Le nouveau combat de l’ex-chef rebelle : relancer l’économie brisée du Soudan


Gibril Ibrahim a autrefois dirigé un groupe rebelle luttant pour renverser le dictateur soudanais Omar al-Bashir. Aujourd’hui chef des finances du pays, il lutte pour relancer l’économie brisée et attirer des investissements étrangers vitaux.

Ibrahim est un pilier du gouvernement de transition qui combine des civils, des militaires et des groupes d’insurgés à la suite de l’éviction éventuelle de Bashir lors d’un soulèvement de 2019. Dirigé par le Premier ministre Abdalla Hamdok, il s’apprête à apurer la majeure partie des 60 milliards de dollars de dette extérieure du pays et à régler ses arriérés envers le Fonds monétaire international.

D’autres défis subsistent, notamment la tenue d’élections, le relâchement de l’emprise de l’armée sur les industries clés, l’ouverture de nouvelles lignes de crédit et l’exploitation de plus de revenus de l’or soudanais. L’administration Hamdok doit également désarmer et intégrer les ex-rebelles dans l’armée, un processus nécessitant de l’argent qu’elle n’a pas.

« Le vrai défi est de convaincre ceux qui ont dirigé le pays pendant des décennies d’accepter le changement et d’accepter qu’ils obtiennent une part moindre des ressources », a déclaré Ibrahim, 65 ans, dans une interview à son domicile dans la banlieue est de Khartoum, la capitale. « Les militaires eux-mêmes ne sont pas contents que d’autres arrivent. »

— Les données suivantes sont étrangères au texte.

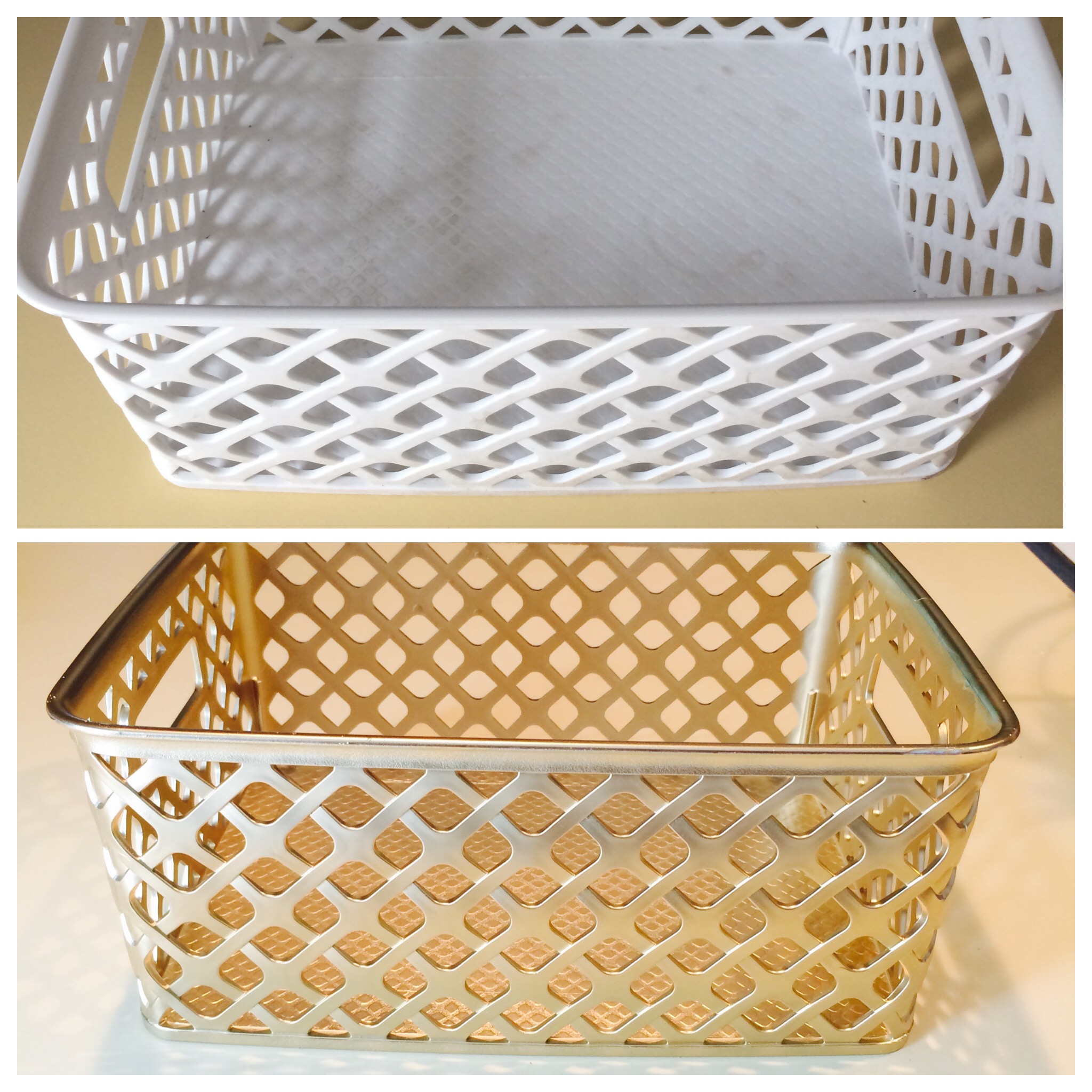 So I just discovered metallic gold spray paint. What?!?! I used it on these plain white baskets, and they turned out perfectly. I also spray painted magnets, boxes and contemplated painting Max. So if anyone wants to be an Academy Award for Halloween I gotchu.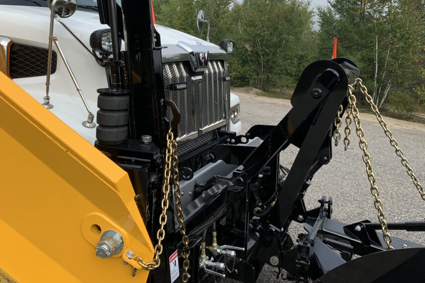 The ELP Harness Series II features a completely detachable frontal harness with a hydraulic attachment for quick plough removal. Its candy cane style attachment ensures easy install and removal of the front plough. The integrated side wing attachment allows for seamless installation and removal of all snow removal equipment, including the plough, harness, and wing, in one go.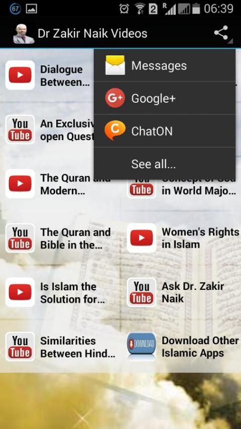 Dr Zakir Naik Videos is an application that contain Islamic videos of many categories, mainly taking about comparative Religions. And the application works with internet connection but it has a lot of features.
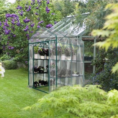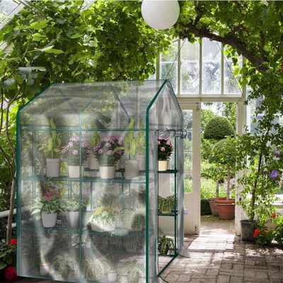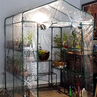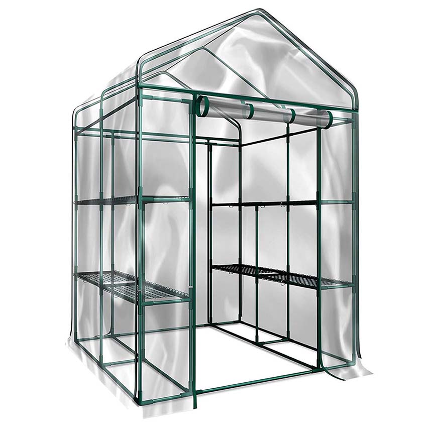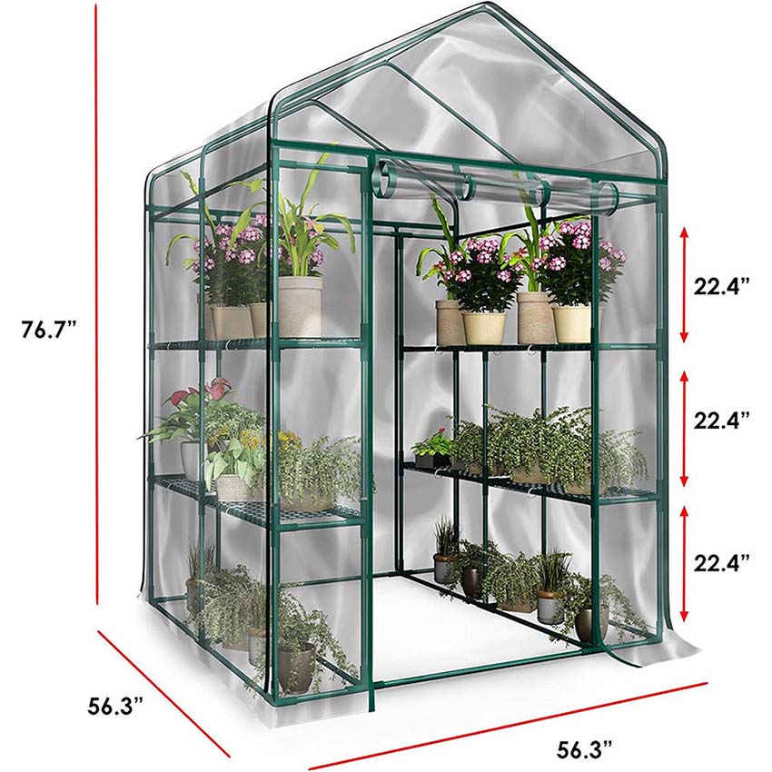 Heavy Duty Walk-in Greenhouse 56″x56″x76″ (4.6×4.6×6.3 FT) PE Kit | 8 Shelves w/ Mesh Windows | Backyard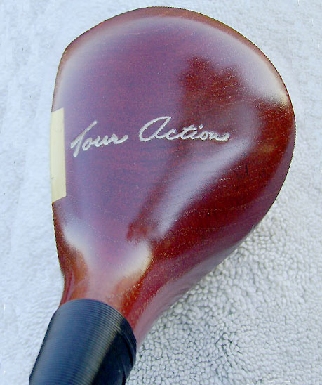 Great block of wood without a scratch. Soleplate with poly wear. Like-new whipping, TT S300 stiff steel shaft with perfect band and excellent original Cleveland Classics logo rubber grip. 10 degree loft, square face, 43 1/2" length. |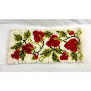 VTG Latch Hook Rug Wall Hanging Artwork Strawberries Fruit 12"x 27" Handmade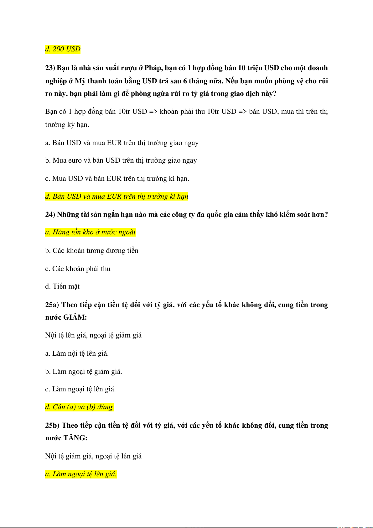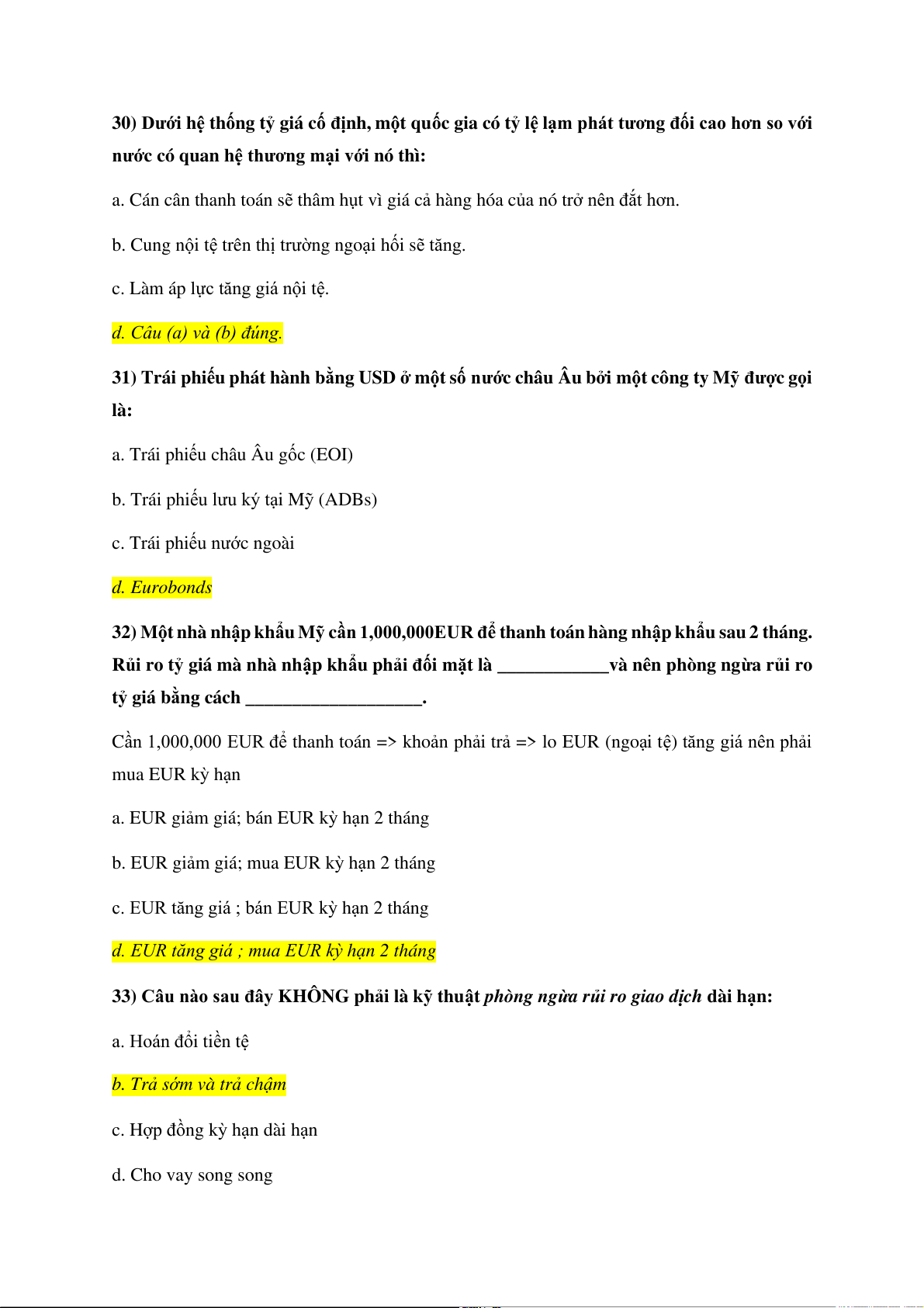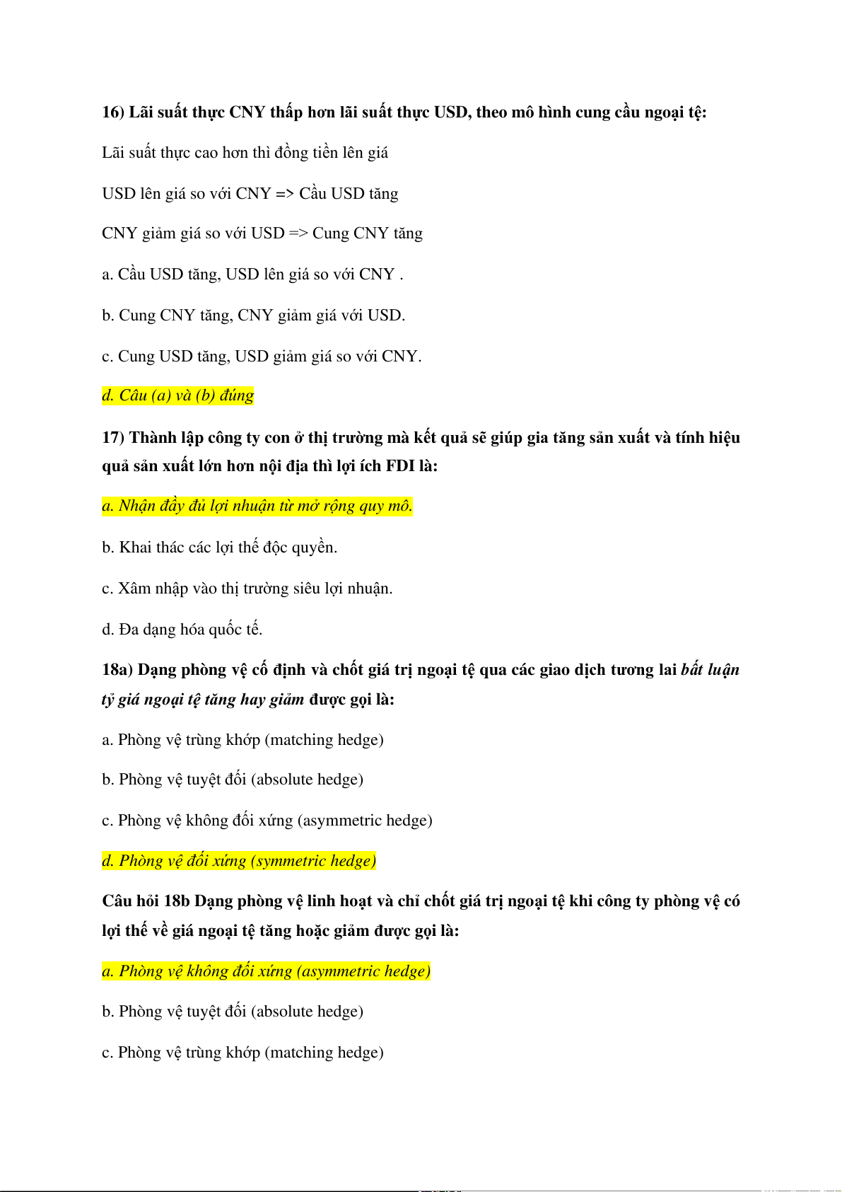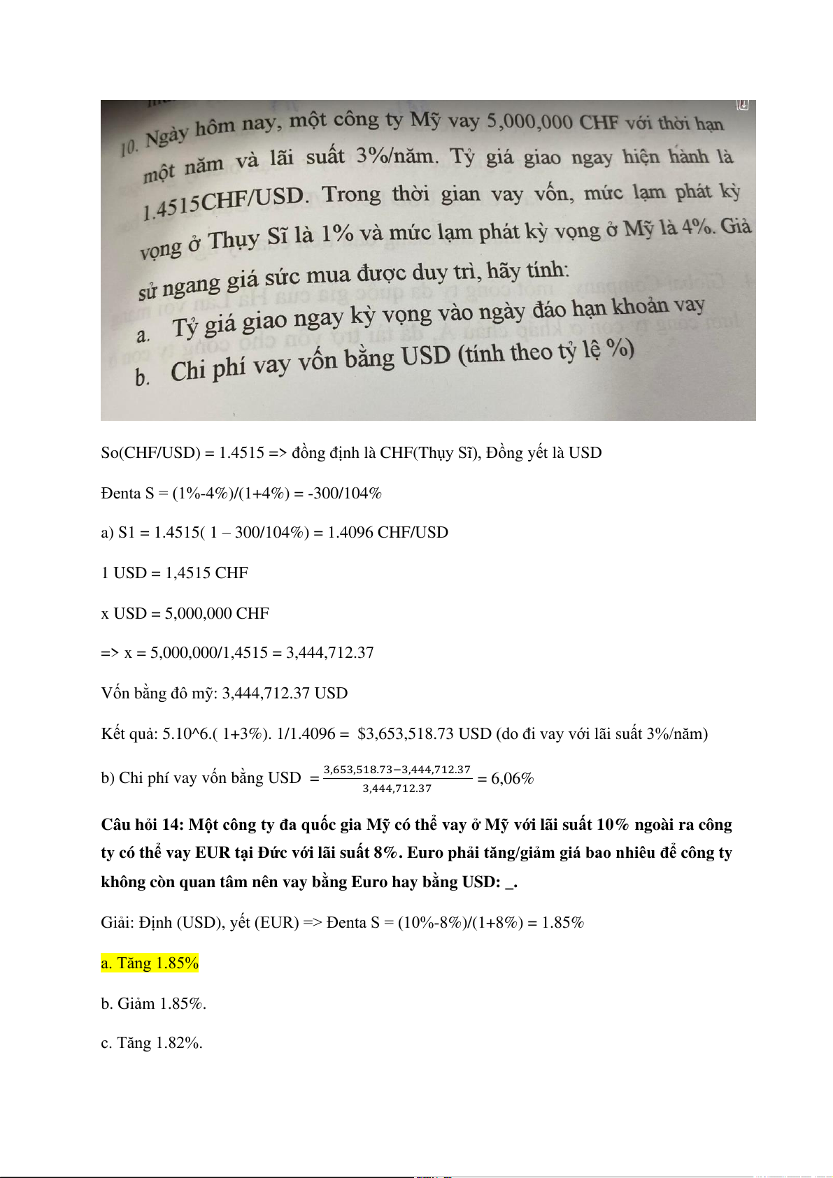 Giải: Đnh (USD), yt (EUR) => Đenta S = (10%-8%)/(1+8%) = 1.85% a. Giảm 1.85% b. Giảm 1.82% c. Tăng 1.85% d. Tăng 1.82% Câu h i

Le mécontentement ne se limite pas aux forces armées, avec la colère du public face aux pénuries de carburant, de pain et d’autres produits de première nécessité, un taux d’inflation de plus de 360 % et une monnaie qui se déprécie. Soudan tard mardi augmenté les prix de l’essence et du diesel à des niveaux qui reflètent les coûts d’importation, mettant ainsi fin aux subventions de l’État pour le carburant.

Il faudra du temps pour redresser l’économie et améliorer le niveau de vie, a déclaré Ibrahim, originaire de la région du Darfour occidental et à la tête du Mouvement pour la justice et l’égalité. Le groupe rebelle a été fondé en 2000 par le frère d’Ibrahim, Khalil, qui a été tué lors d’une frappe aérienne du gouvernement il y a près d’une décennie, et a presque pris le contrôle de Khartoum en 2008 avant d’être repoussé.

Le gouvernement cible le développement de projets d’infrastructure, d’énergie et d’exploitation minière dans sa volonté de stimuler la croissance économique et de créer des emplois. Des responsables des finances doivent se rendre en Arabie saoudite ce mois-ci pour de nouvelles discussions sur un fonds d’investissement conjoint prévu de 3 milliards de dollars.

Investissement de 10 milliards de dollars

Les gouvernements vont « créer le mécanisme d’investissement conjoint et discuter des projets » d’intérêt pour les deux parties, selon Ibrahim. Le prince héritier saoudien Mohammed bin Salman a exprimé son intérêt à porter l’engagement total à 10 milliards de dollars, a déclaré le ministre.

Ibrahim veut également attirer des capitaux privés en vendant des participations dans certaines des 650 sociétés d’État soudanais, dont 200 appartiennent à l’armée. Ceux qui font des pertes devraient être inversés et devenir plus étroitement contrôlés, a-t-il déclaré.

Ibrahim estime qu’environ 80 % de l’or extrait au Soudan est passé en contrebande à l’extérieur, le privant de revenus clés et limitant en partie son ratio impôts/produit intérieur brut à seulement 5 %. Il souhaite que le gouvernement devienne le principal acheteur d’or des mineurs artisanaux et industriels, l’aidant à élargir l’assiette fiscale et à constituer les réserves de la banque centrale.

— Avec le concours de Gina Turner et Abdel Latif Wahba

(Mises à jour avec changement des prix du carburant dans le cinquième paragraphe.)